Oil and Rubber were the week's only winners rising, 1.9% and 1.5%, respectively. Oil was buoyed by Saudi and Russian supply cuts, although gains were tempered by persistently strong US oil production. Chemicals diverged from oil prices last week, falling 4.0%, as high inventory levels and seasonally weak demand continue to play on prices. Non-ferrous metals prices fell -1.7% on trade and economic concerns. All metals in the complex retreated save tin, which now seems to be the focus of electric vehicle hype among investors, supplanting cobalt. After gaining 17% in recent weeks, iron ore prices fell last week as markets weighed on market fundamentals, i.e. that Chinese steel demand, given production restrictions, is not booming, Chinese margins are wafer-thin and the value chain is well stocked with ore. Therefore, despite ferrous scrap prices ticking up last week, the MPI's Ferrous subcomponent fell 0.3% w/w.
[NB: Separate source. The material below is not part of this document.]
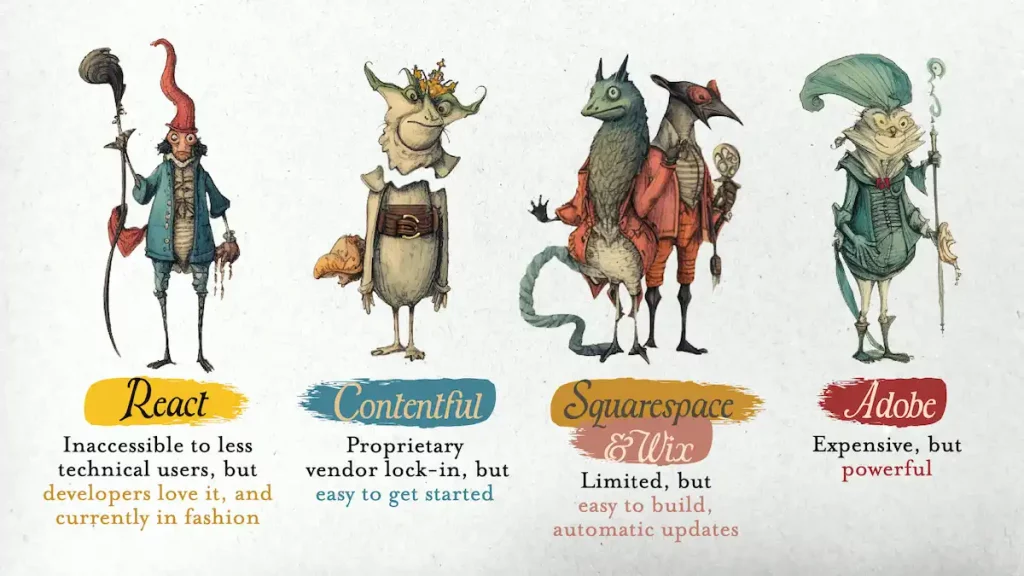 En el comienzo del cuento, a mi juicio, compara Drupal con otros CMS como Adobe, Squarespace, Contentful y otros CMS. La comparación no sé si es del todo acertada, porque Drupal no compite con Adobe, a nivel de gran empresa lo hace Acquia, que por otro lado tampoco es precisamente barato.
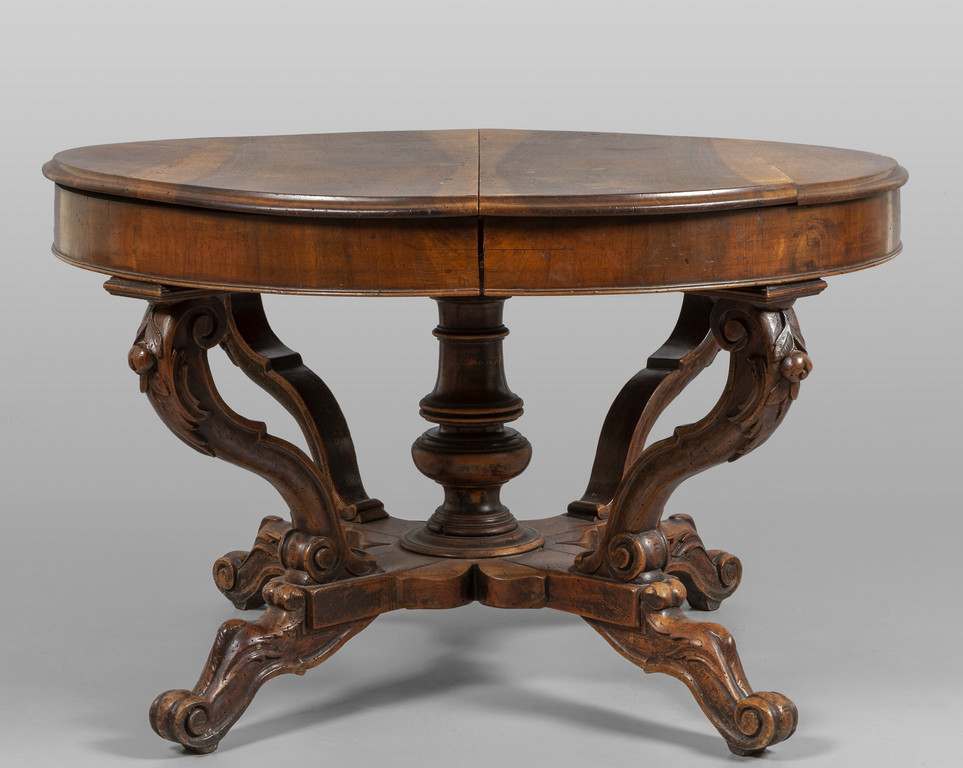 Precedente Lotto 1317 Successivo Aste Boetto - Via Mura dello Zerbino 10R, 16122 Genova Asta di Antiquariato Asta di Antiquariato giovedì 16 dicembre 2021 ore 10:30 (UTC +01:00) MOBILE Tavolo a cestello in noce allungabile Genova sec. XIXdiam. cm. 124x h. 76

Collectively, data from last week underlined the fragile state of the global economy. US retail sales fell 1.2% in December, a bigger fall than most analysts had been expecting, while US industrial production sank 0.6% in January. Poor US data bookended disappointing German GDP data for the fourth quarter that showed the economy barely avoided a recession. In China, the producer price index edged up by just 0.1% in January, continuing the deceleration in goods price inflation and highlighting a general softness in the country's manufacturing sector.
The good news for the week centered on trade and the on-going US-China trade negotiations, where progress was made toward a memorandum of understanding that could serve as a basis for a formal agreement. Markets will remain focused on trade with the pending delivery of the US Commerce Department's report on its Section 232 investigation into US imports of motor vehicles and automotive parts. The investigation was launched in May of last year and by law must be delivered within 270 days, placing the deadline in mid-February. Depending on the report's conclusion, markets will either be calmed or worried about a new front opening in the trade war.